Boston Globe — Rhode Island must do more to get climate ready

US Senator Sheldon Whitehouse of Rhode Island, center, with Senators Ed Markey of Massachusetts, right, and Ben Cardin of Maryland, left, at the U.S. Center pavilion during the UNFCCC COP27 climate conference on Nov. 11, 2022 in Sharm El Sheikh, Egypt. SEAN GALLUP/GETTY

Dec 2, 2022

By Curt Spalding — With so much of its population and economic activity concentrated in highly exposed coastal communities, Rhode Island should lead — not follow — on preparing for climate change.

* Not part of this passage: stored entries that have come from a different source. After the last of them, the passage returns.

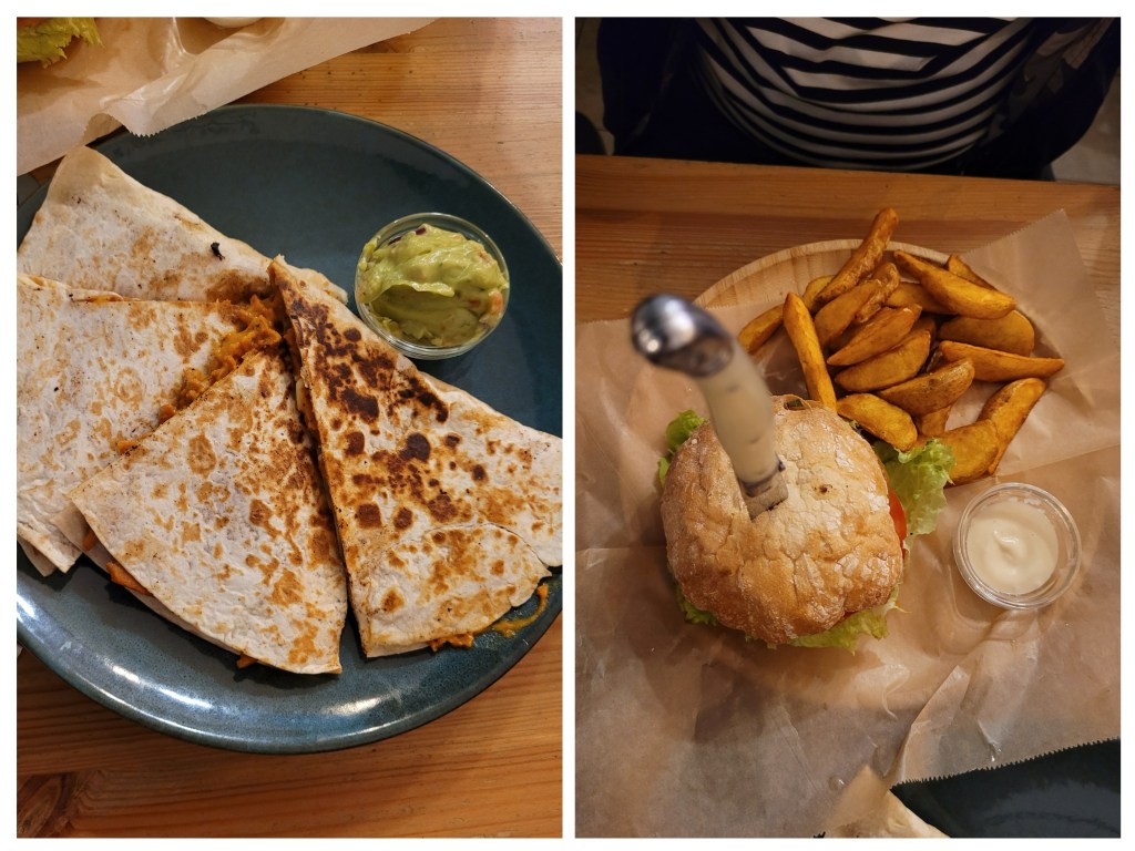 Hunger eventually pulled us away, and we chose a restaurant with outdoor seating, hoping for a leisurely Spanish lunch. We waited about 10–15 minutes before our food arrived: a vegan Spanish-style skew and a burger. The skewer was decent, but the burger turned out to be the worst we’d ever tasted—dry, bland, and utterly forgettable. We laughed it off, deciding it would be remembered not for its flavor but for the story it added to our trip.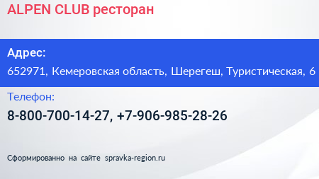 ALPEN CLUB, ресторан по адресу 652971, Кемеровская область, Шерегеш, Туристическая, 6 в дальнейшем Организация, размещена в следующих категориях:
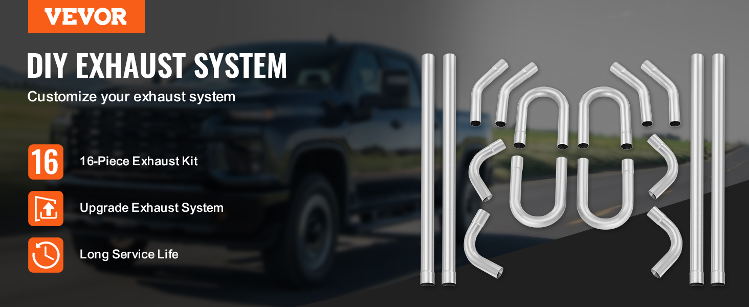 Táto 16-dielna univerzálna súprava automobilových výfukov obsahuje všetky potrebné rúrky na úpravu alebo opravu výfukového systému vášho vozidla, vďaka čomu je vhodná na projekty výfukov "urob si sám". Prispôsobte si systém na základe špecifikácií vozidla a osobných preferencií, aby ste dosiahli optimálny výkon a zvuk.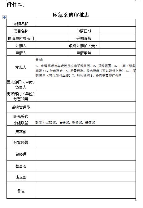 2.工作流程:需求部門(單位)提報(bào)《采購(gòu)申請(qǐng)表》,按規(guī)定程序?qū)徟ㄟ^后,由成本部委托招標(biāo)代理機(jī)構(gòu)具體實(shí)施。
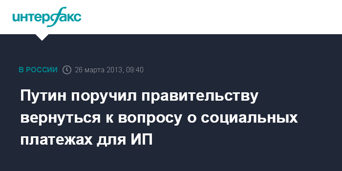 Путин поручил правительству вернуться к вопросу о социальных платежах для ИП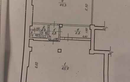 Торговый зал 65.9 квадратных метров, склад 44.3 квадратных метров, кабинет 6.8 квадратных метров.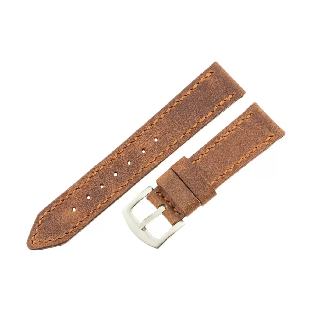 İsme Özel El Dikişli Saat Kordonu - %100 Crazy Deri - AG03002 - Taba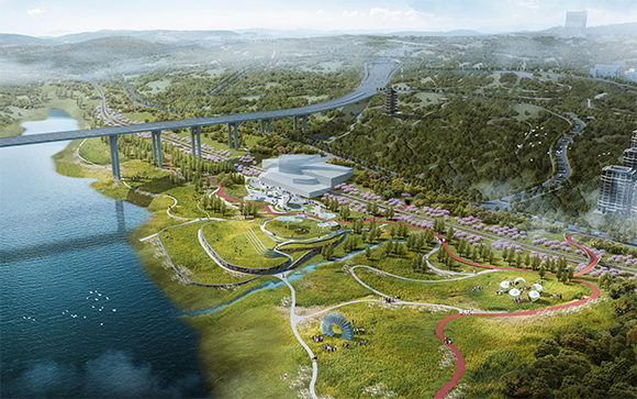 “長(zhǎng)江文化藝術(shù)灣區(qū)是重慶對(duì)外展現(xiàn)‘山水之城、美麗之地’的重要窗口,我們提出大自然是演奏家的想法,讓長(zhǎng)江與音樂(lè)的相遇,生態(tài)與音樂(lè)的交織?!焙魏槊氛f(shuō),因此項(xiàng)目在設(shè)計(jì)時(shí)便確定,微改造、巧利用現(xiàn)有草海、森林、江灘等資源,貫通步道體系,聯(lián)動(dòng)周邊公共設(shè)施。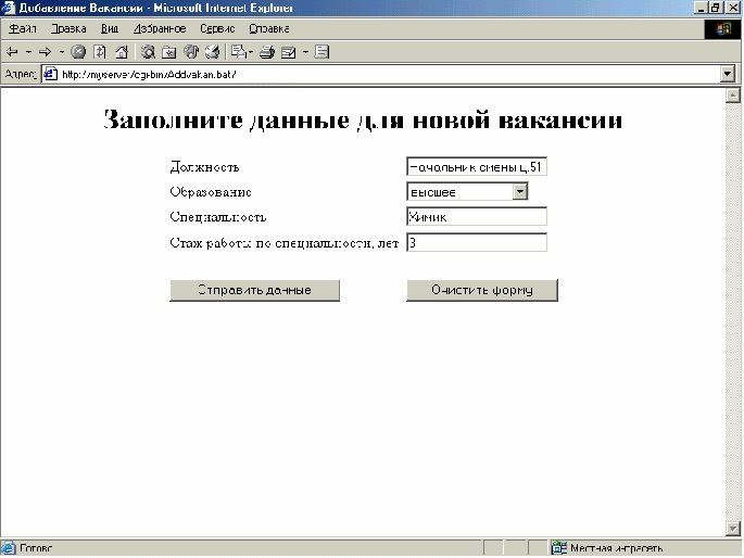 “Добавить" - запускает скрипт Addvakan.cgi;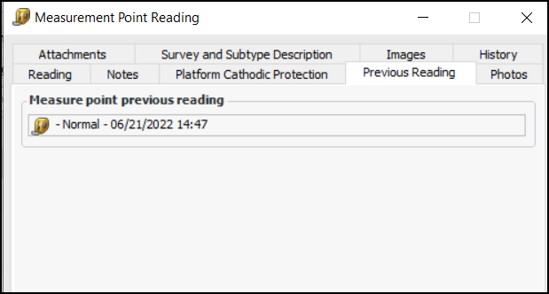 When a measurement point reading is processed, its previous reading is now recorded on the current reading. In the Measurement Point window, select the Previous Reading tab to view the reading:The Previous Reading tab is only displayed when a previous reading exists.APM Remote and Descriptive Measurement Points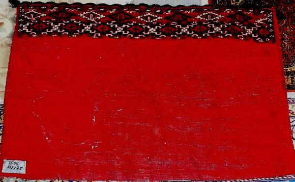 Bemerkungen: Tschowal ist der Name grösserer, an der Vorderseite zumeist sehr fein gewebter bzw. geknüpfter Kamel- und Zelttaschen der Turkmenen. Ihr Zweck liegt im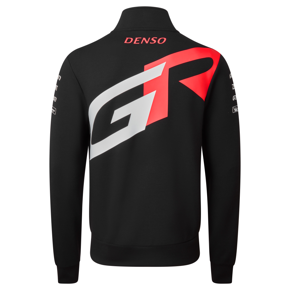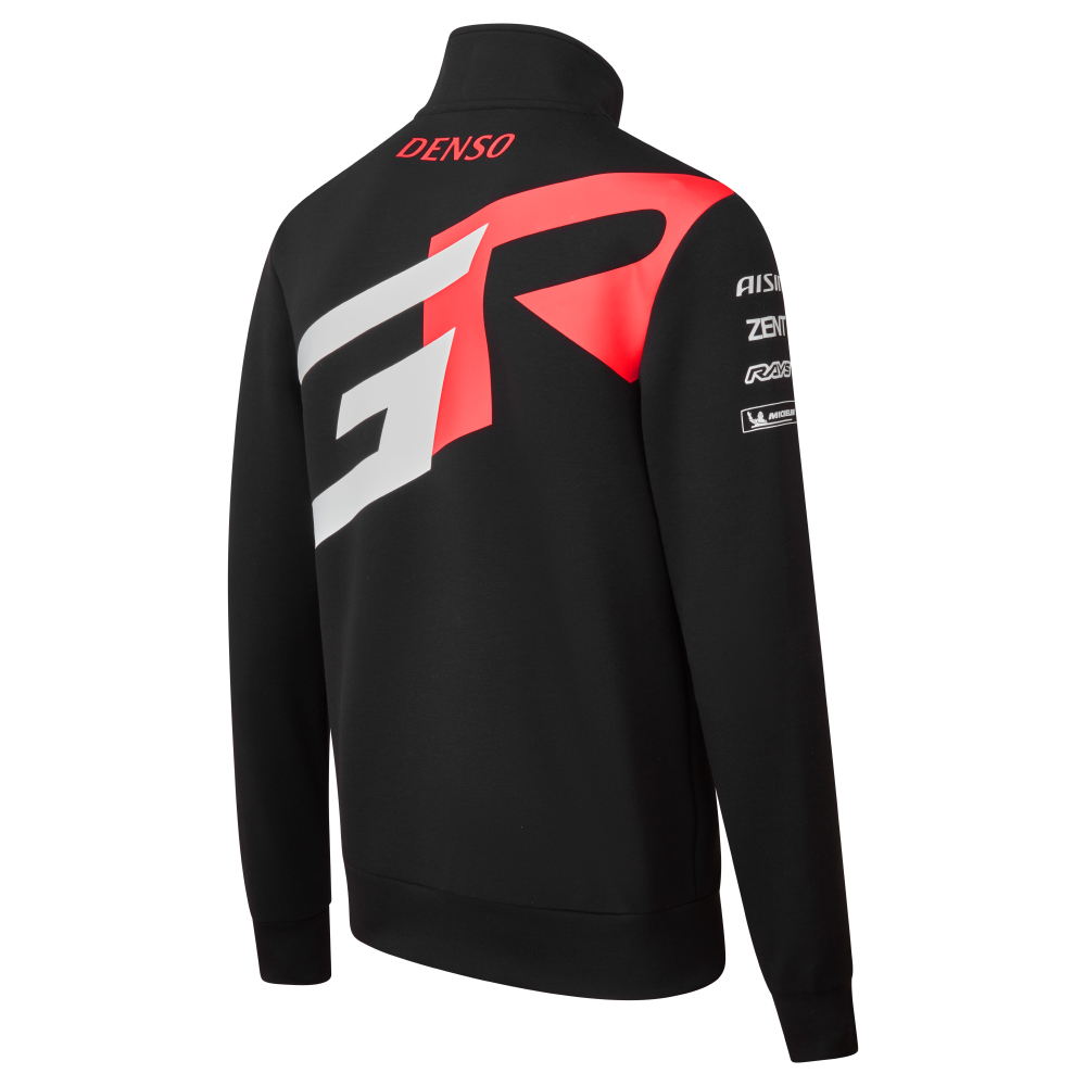 Schwarze Team-Sweatjacke aus hochwertigem Material mit Reißverschluss¸ Vorder- und Rückseite bedruckt mit GR-Logo und den Teampartner-Logos 2023. Mit GR- und Sponsoren-Logos¸ Reißverschlüssen mit Griffen im Markendesign¸ zwei Eingrifftaschen mit kontrastierendem Reißverschluss und Bündchen an Saum und Ärmeln.

Last month, government emissaries went to Egypt for the Climate Change Conference COP27 and confronted the almost certain scenario that the planet will warm by at least 1.0 to 2.0 C° by 2050. And as the planet warms, heavier rain deluges, hotter and longer heat waves, higher storm surges and ever bigger wildfires will more severely disrupt everything that makes communities across the world secure.

According to reporting in Scientific American’s E&E news, most scientists believe Earth has never warmed this fast. Warming that previously took hundreds if not thousands of years will occur in just decades.

Efforts to build resilient communities must not be limited by the usual political constraints that make bold action impossible. The threat that climate change poses for each and every community must be rigorously considered by quantitatively measuring how sensitive each community is to specific threats, like storm surge and extreme heat.